After locating the line with "Zarif papatya figürleri" below, output it and each following line exactly, stopping after the line with "StorageWorks Fabric Storage". No pictures.

DATA FOR THIS EXERCISE:
■ ■ ■ ■
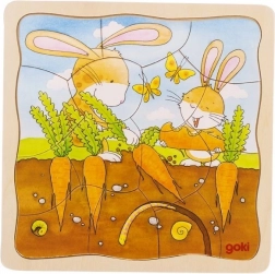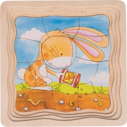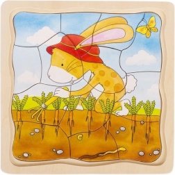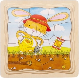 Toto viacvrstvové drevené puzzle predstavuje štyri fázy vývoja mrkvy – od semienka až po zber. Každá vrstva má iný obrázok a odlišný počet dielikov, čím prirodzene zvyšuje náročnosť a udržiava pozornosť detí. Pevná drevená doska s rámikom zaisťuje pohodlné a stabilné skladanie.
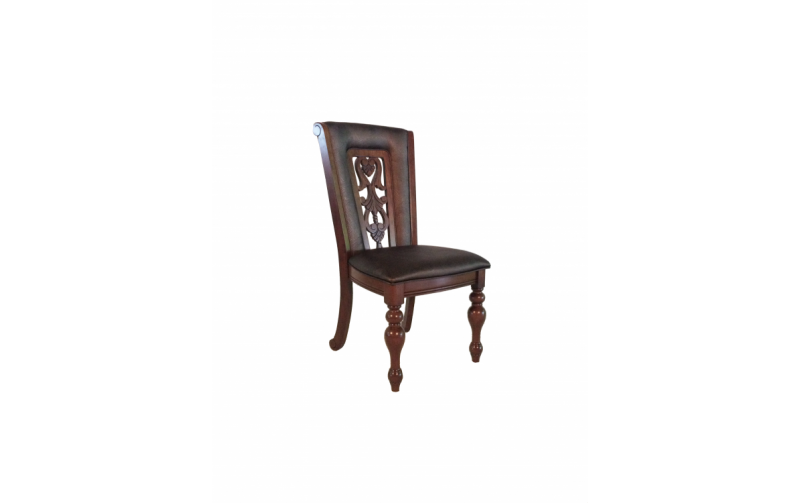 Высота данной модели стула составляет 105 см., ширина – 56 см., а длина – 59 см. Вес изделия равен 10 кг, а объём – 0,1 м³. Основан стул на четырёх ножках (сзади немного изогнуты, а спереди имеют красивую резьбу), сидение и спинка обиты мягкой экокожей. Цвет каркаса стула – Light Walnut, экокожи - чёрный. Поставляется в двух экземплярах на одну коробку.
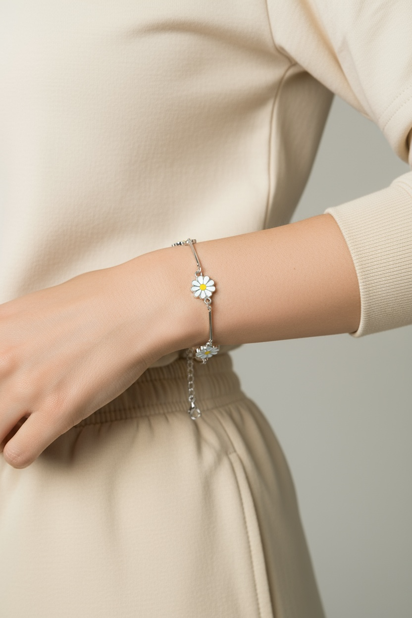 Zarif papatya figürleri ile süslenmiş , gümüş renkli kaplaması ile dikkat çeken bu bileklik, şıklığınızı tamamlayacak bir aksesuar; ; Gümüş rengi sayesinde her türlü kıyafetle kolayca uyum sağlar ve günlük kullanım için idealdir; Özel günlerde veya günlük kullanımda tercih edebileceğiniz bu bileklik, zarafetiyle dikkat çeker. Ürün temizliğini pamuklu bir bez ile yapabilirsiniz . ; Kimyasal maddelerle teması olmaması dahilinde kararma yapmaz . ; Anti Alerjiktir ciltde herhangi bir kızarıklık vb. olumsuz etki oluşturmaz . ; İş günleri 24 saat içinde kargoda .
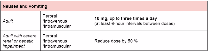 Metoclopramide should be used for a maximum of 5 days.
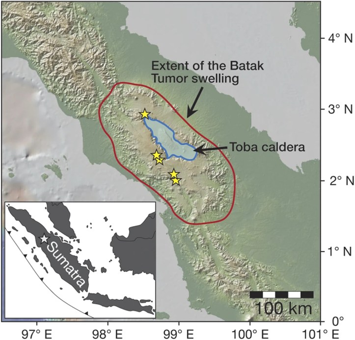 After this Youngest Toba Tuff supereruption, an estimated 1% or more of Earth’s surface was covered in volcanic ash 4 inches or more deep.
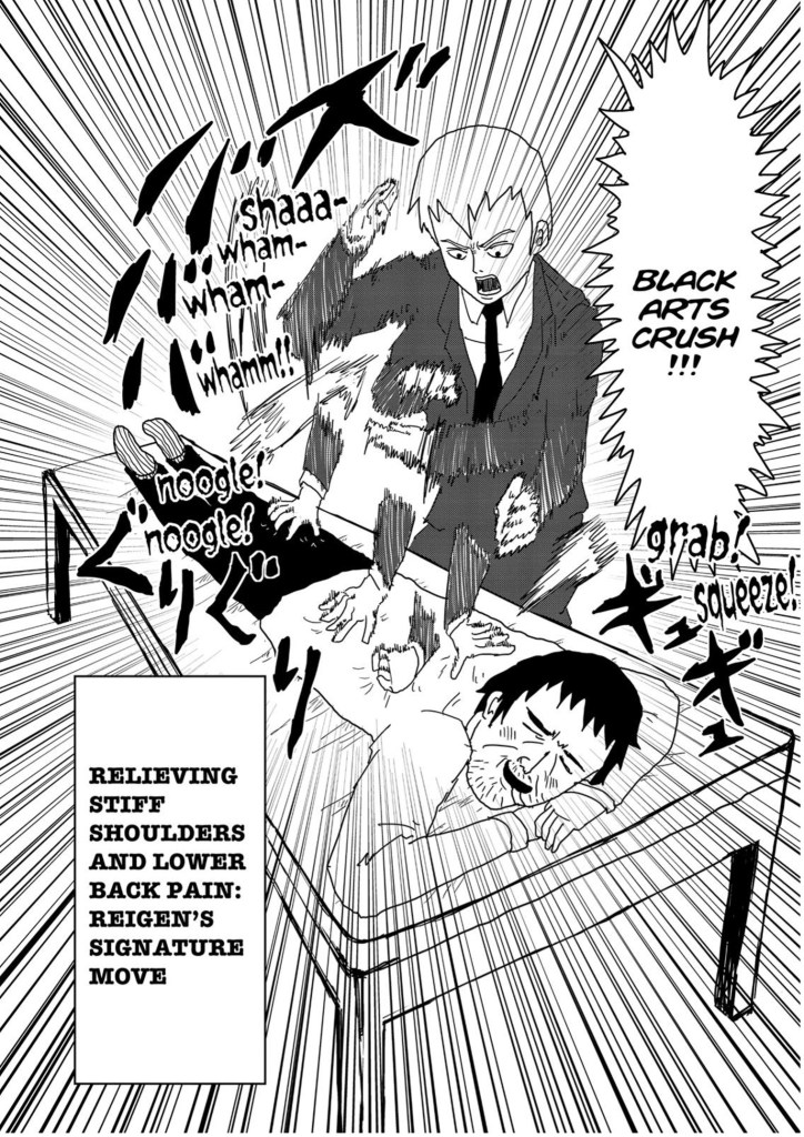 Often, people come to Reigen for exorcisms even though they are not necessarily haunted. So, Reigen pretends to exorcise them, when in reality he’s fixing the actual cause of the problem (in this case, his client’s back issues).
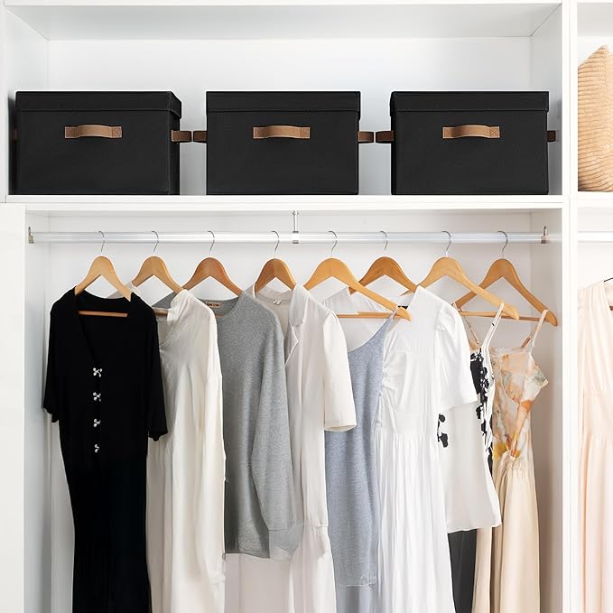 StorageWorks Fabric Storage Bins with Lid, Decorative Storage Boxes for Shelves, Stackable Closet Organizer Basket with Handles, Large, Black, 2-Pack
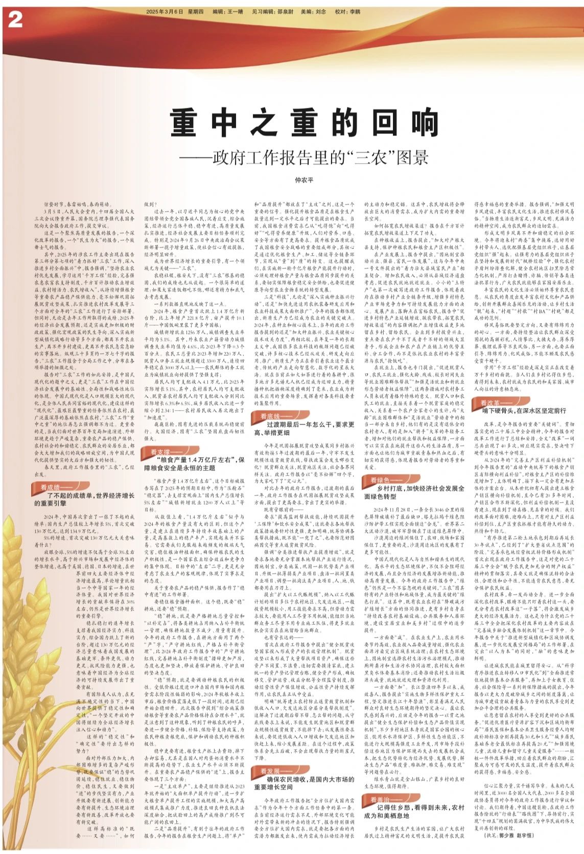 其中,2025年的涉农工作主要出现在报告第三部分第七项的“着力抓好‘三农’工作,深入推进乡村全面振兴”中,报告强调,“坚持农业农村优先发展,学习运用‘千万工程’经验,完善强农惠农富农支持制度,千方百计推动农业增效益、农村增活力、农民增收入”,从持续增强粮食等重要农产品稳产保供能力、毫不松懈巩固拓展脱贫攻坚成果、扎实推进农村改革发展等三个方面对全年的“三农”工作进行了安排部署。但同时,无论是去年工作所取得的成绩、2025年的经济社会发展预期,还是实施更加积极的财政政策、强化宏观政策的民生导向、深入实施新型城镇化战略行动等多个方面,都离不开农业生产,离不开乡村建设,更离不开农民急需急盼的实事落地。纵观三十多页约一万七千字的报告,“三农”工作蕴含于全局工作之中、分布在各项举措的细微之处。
■ ■ ■ ■
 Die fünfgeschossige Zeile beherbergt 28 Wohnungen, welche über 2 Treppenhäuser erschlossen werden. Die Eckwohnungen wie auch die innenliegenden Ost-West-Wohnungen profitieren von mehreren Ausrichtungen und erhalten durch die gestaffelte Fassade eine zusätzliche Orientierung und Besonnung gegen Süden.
■ ■ ■ ■
YOUR SOLUTION:
 Zarif papatya figürleri ile süslenmiş , gümüş renkli kaplaması ile dikkat çeken bu bileklik, şıklığınızı tamamlayacak bir aksesuar; ; Gümüş rengi sayesinde her türlü kıyafetle kolayca uyum sağlar ve günlük kullanım için idealdir; Özel günlerde veya günlük kullanımda tercih edebileceğiniz bu bileklik, zarafetiyle dikkat çeker. Ürün temizliğini pamuklu bir bez ile yapabilirsiniz . ; Kimyasal maddelerle teması olmaması dahilinde kararma yapmaz . ; Anti Alerjiktir ciltde herhangi bir kızarıklık vb. olumsuz etki oluşturmaz . ; İş günleri 24 saat içinde kargoda .
 Metoclopramide should be used for a maximum of 5 days.
 After this Youngest Toba Tuff supereruption, an estimated 1% or more of Earth’s surface was covered in volcanic ash 4 inches or more deep.
 Often, people come to Reigen for exorcisms even though they are not necessarily haunted. So, Reigen pretends to exorcise them, when in reality he’s fixing the actual cause of the problem (in this case, his client’s back issues).
 StorageWorks Fabric Storage Bins with Lid, Decorative Storage Boxes for Shelves, Stackable Closet Organizer Basket with Handles, Large, Black, 2-Pack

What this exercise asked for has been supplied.